Exercise directions: Exactly as written, reproduce the lines from the beginning of the data through the line containing "В холле общежития"; the pictures are not reproduced.

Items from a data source

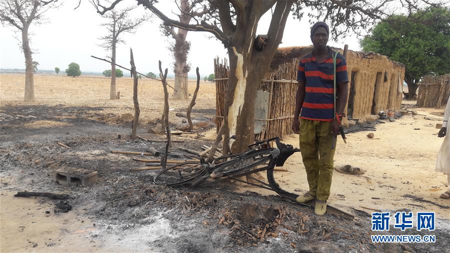 5月8日,在尼日利亚卡杜纳州比尔宁瓜里地区遭袭村庄,一名男子站在被烧毁的自行车旁。 新华社发(奥拉吞吉·萨柳摄)
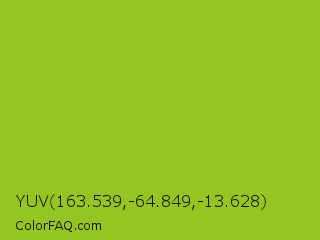 YUV 163.539,-64.849,-13.628 Color is a normal lime color and the nearest color is Atlantis #97cd2d. Hex code #94c520 and RGB value is rgb(148,197,32). In RGB color space, this color is composed of 58% red, 77% green, 13% blue, In CMYK color space, this color is composed of 25% cyan, 0% magenta, 84% yellow , 23% black , In HSL color space, this color has a hue angle of 78° , 72% saturation and 45% lightness.
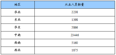 从业人员数量地区分布状况
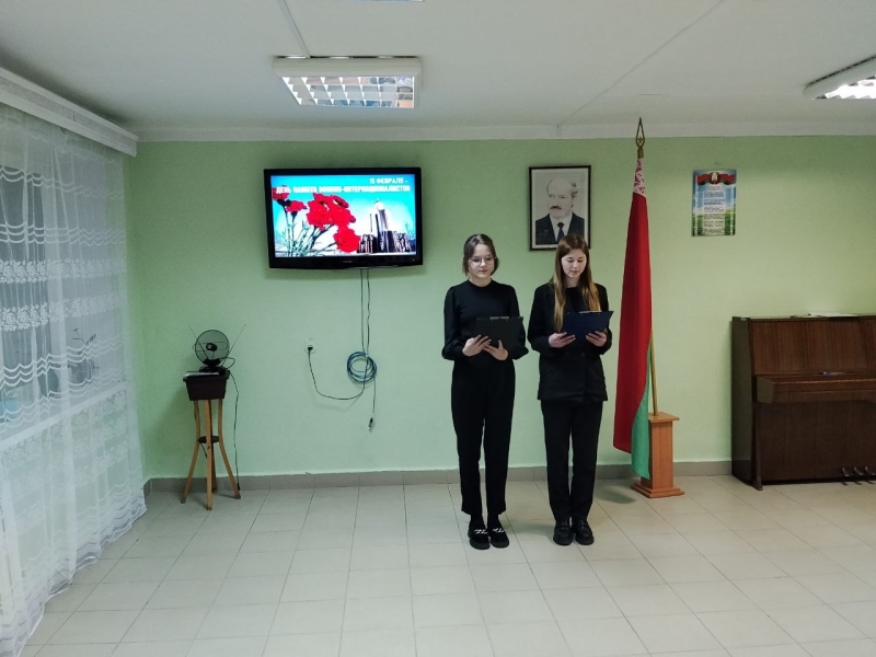 В холле общежития был оформлен информационный стенд. Ведущие познакомили учащихся с хроникой Афганской войны: причинами войны, целями войны, её участниками, этапами войны. Затем был показан видеофильм об одном из эпизодов этой войны: о боях у высоты 3234 с участием 9-ой роты 345-го отдельного парашютно-десантного полка. Ребята узнали о Герое Советского Союза Мельникове Андрее Александровиче, белорусе, уроженце Могилёва, который служил в 9-ой роте. Он погиб в этом бою.
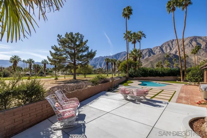 Prepare to be captivated by this exceptional, fully remodeled contemporary home overlooking the De Anza Golf Course, with sweeping mountain views that elevate everyday living. Thoughtfully redesigned from top to bottom, this residence feels straight out of a luxury design magazine, showcasing 3’x3’ porcelain tile throughout and a show-stopping, professionally designed kitchen featuring quartz countertops, beautiful custom cabinetry, and stainless steel appliancesExtensive upgrades include fully remodeled bathrooms, retextured walls with fresh interior paint, a tankless water heater, newer windows and sliders, a remodeled laundry room, and a newer HVAC system with iWave air purifier. The outdoor space is equally impressive, highlighted by a sparkling pool recently resurfaced, all-new hardscape and synthetic turf, a newer pool heater, pump, and filter, and beautifully updated landscaping with irrigation.Additional improvements include a newer roof, upgraded electrical and plumbing infrastructure, custom his-and-hers closets, a glass fireplace, an alarm system, and multiple gated yard areas offering privacy and flexibility. A large paver driveway provides ample parking for guests or an RV, complemented by a dedicated golf cart pad.This breathtaking, move-in-ready home delivers style, comfort, and resort-like living in one remarkable package.
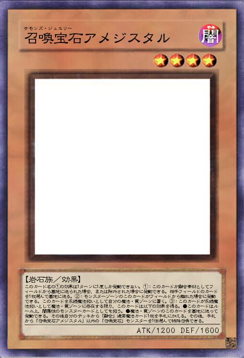 | このカード名の①の効果は1ターンに1度しか発動できない。①:このカードが融合素材としてフィールドから墓地に送られた場合、または除外された場合に発動できる。相手フィールドのカードを1枚選んで墓地に送る。②:モンスターゾーンのこのカードがフィールドから離れた場合に発動できる。このカードを永続魔法扱いとして自分の魔法・罠ゾーンに置く。③:このカードが永続魔法扱いとして魔法・罠ゾーンに存在する限り、このカードは以下の効果を得る。●このカードはルール上、闇属性のモンスターカードとしても扱う。●魔法・罠ゾーンのこのカードを墓地に送って発動できる。その後自分のデッキから「融合」通常魔法カード1枚を手札に加える。その後、手札から「召喚宝石アメジスタル」以外の「召喚宝石」モンスターを1体選んで特殊召喚できる。 | |||
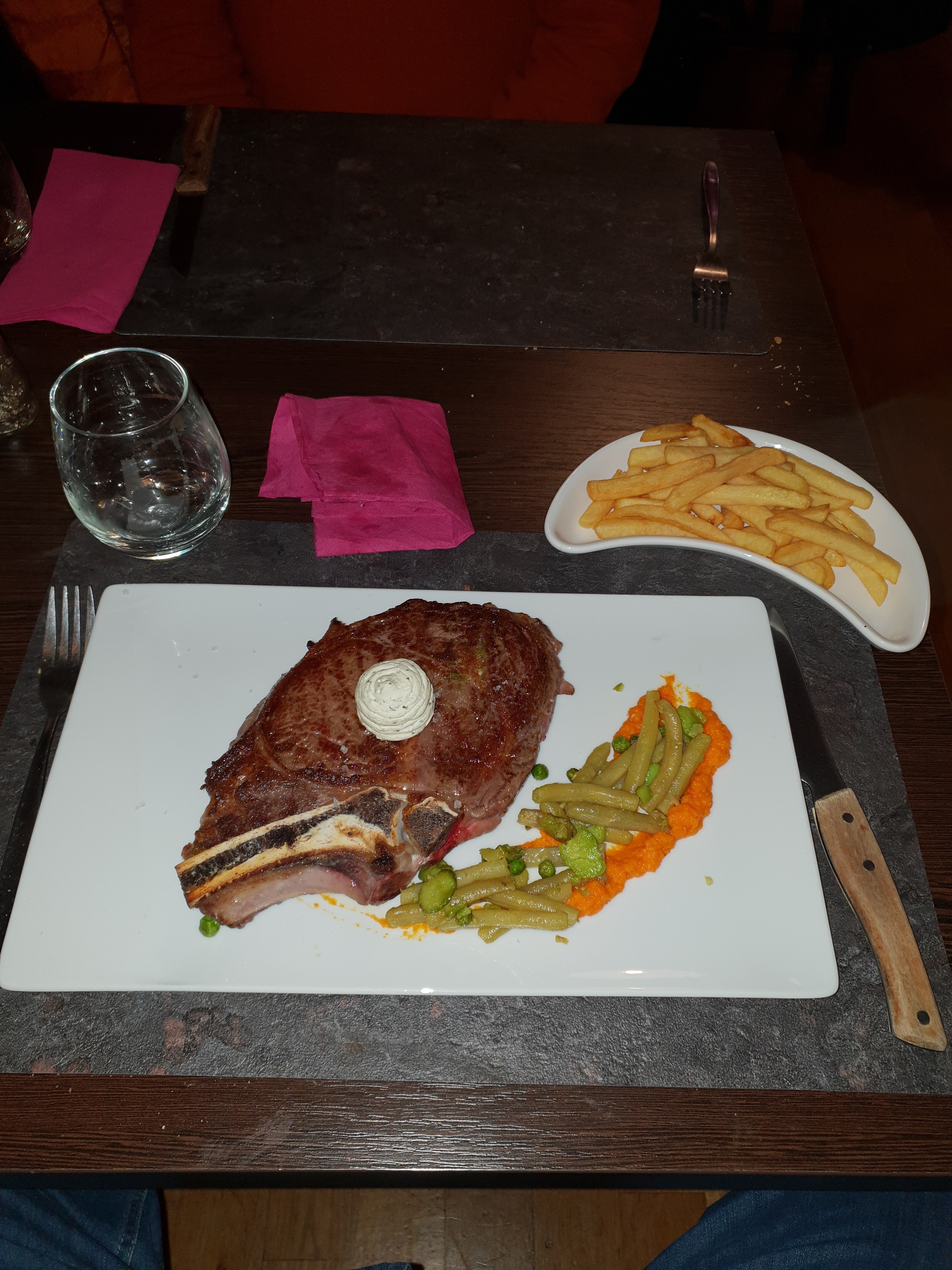 Bonjour madame, si nos souvenirs sont bons, vous êtes venus le soir de la st Valentin. Ce jour et comme vous le saviez au préalable il y avait un menu imposé avec un choix à faire pour l'entrée et pour le plat. Vous nous avez demandé des frites comme accompagnement, cependant nous ne pouvions pas remettre la friteuse en route et éplucher des pommes de terre pour une seule personne car vous étiez la seule personne à en demander. L'accompagnement initial était galette de pommes de terre.... Le serveur qui est aussi responsable de salle, après m'avoir consulté, vous à proposé à la place, des légumes, de la polenta ou des pâtes. Vous avez refusé ses propositions et avez décidé de quitter le restaurant après l'apéritif parce qu'il n'y avait pas de frites.... Un soir de St Valentin et avec un menu imposé. Je prend bonne note de votre mécontentement mais à notre époque ou l'énergie est hors de prix je ne comprend pas votre réaction. Bonne journée
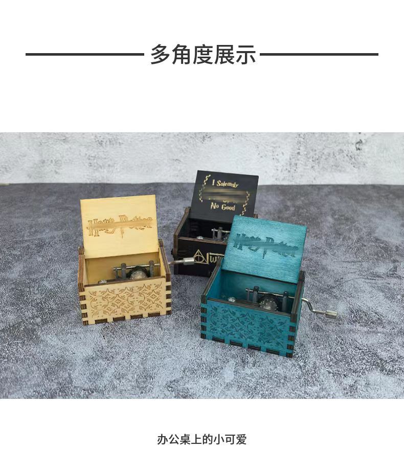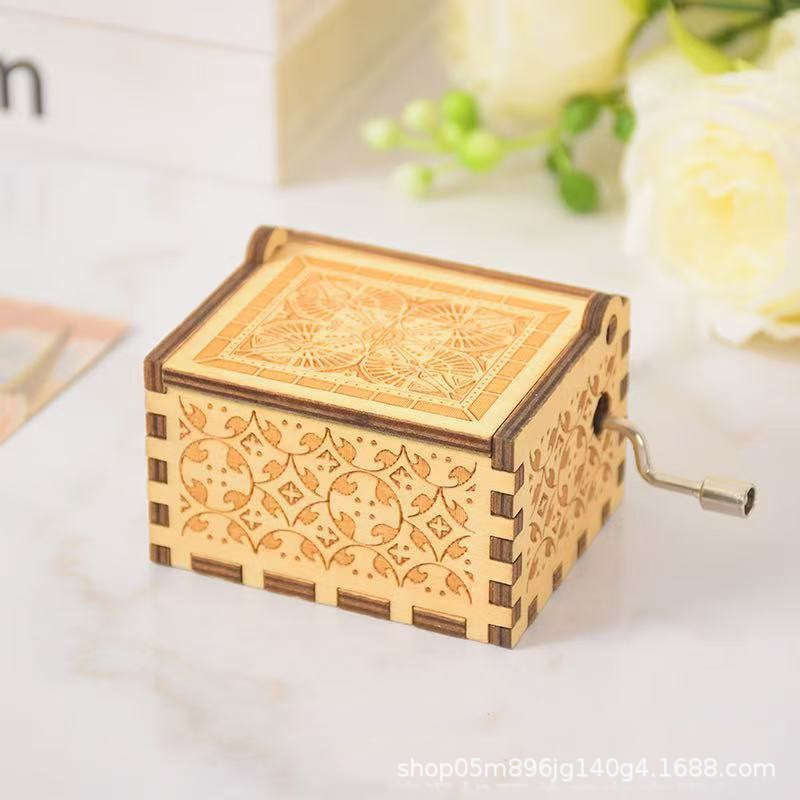 现货批发手摇木制八音盒激光雕刻精美彩绘音乐盒节日礼物礼品摆件
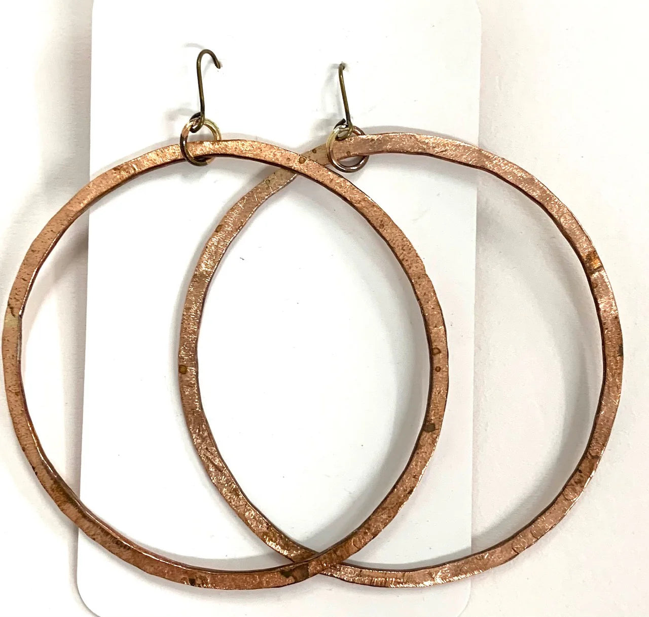 Large hoop copper earrings, supplied on antique brass hooks (natural anti-bacterial properties), also available in silver. Approx. 6cm length.
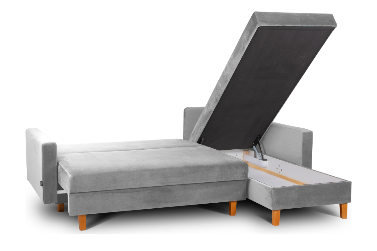 Rohová sedacia súprava do obývačky v škandinávskom štýle zo sivého velúru je vyrobená z kvalitných materiálov, má pevnú a stabilnú konštrukciu a zabezpečí pohodlný odpočinok pre členov domácnosti a hostí. Pohodlne sa rozkladá vďaka automatickému mechanizmu DL a poskytuje priestor na spanie - ideálne riešenie nielen pre hostí. Je ideálna aj do malých bytov, kde možno pohovku využiť ako posteľ.
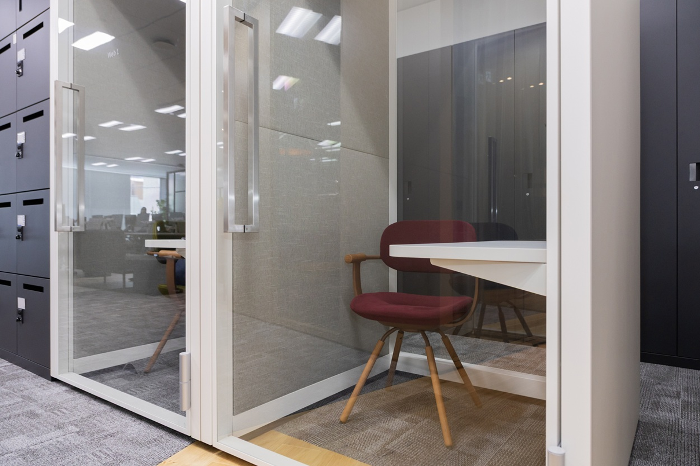 エントランスの写真右側の位置に2つ、WEBブース(消防法 対応済)を設置。周りの音を気にせずWEB会議に参加出来る一人用の集中スペースです。

Answer section:
 5月8日,在尼日利亚卡杜纳州比尔宁瓜里地区遭袭村庄,一名男子站在被烧毁的自行车旁。 新华社发(奥拉吞吉·萨柳摄)
 YUV 163.539,-64.849,-13.628 Color is a normal lime color and the nearest color is Atlantis #97cd2d. Hex code #94c520 and RGB value is rgb(148,197,32). In RGB color space, this color is composed of 58% red, 77% green, 13% blue, In CMYK color space, this color is composed of 25% cyan, 0% magenta, 84% yellow , 23% black , In HSL color space, this color has a hue angle of 78° , 72% saturation and 45% lightness.
 从业人员数量地区分布状况
 В холле общежития был оформлен информационный стенд. Ведущие познакомили учащихся с хроникой Афганской войны: причинами войны, целями войны, её участниками, этапами войны. Затем был показан видеофильм об одном из эпизодов этой войны: о боях у высоты 3234 с участием 9-ой роты 345-го отдельного парашютно-десантного полка. Ребята узнали о Герое Советского Союза Мельникове Андрее Александровиче, белорусе, уроженце Могилёва, который служил в 9-ой роте. Он погиб в этом бою.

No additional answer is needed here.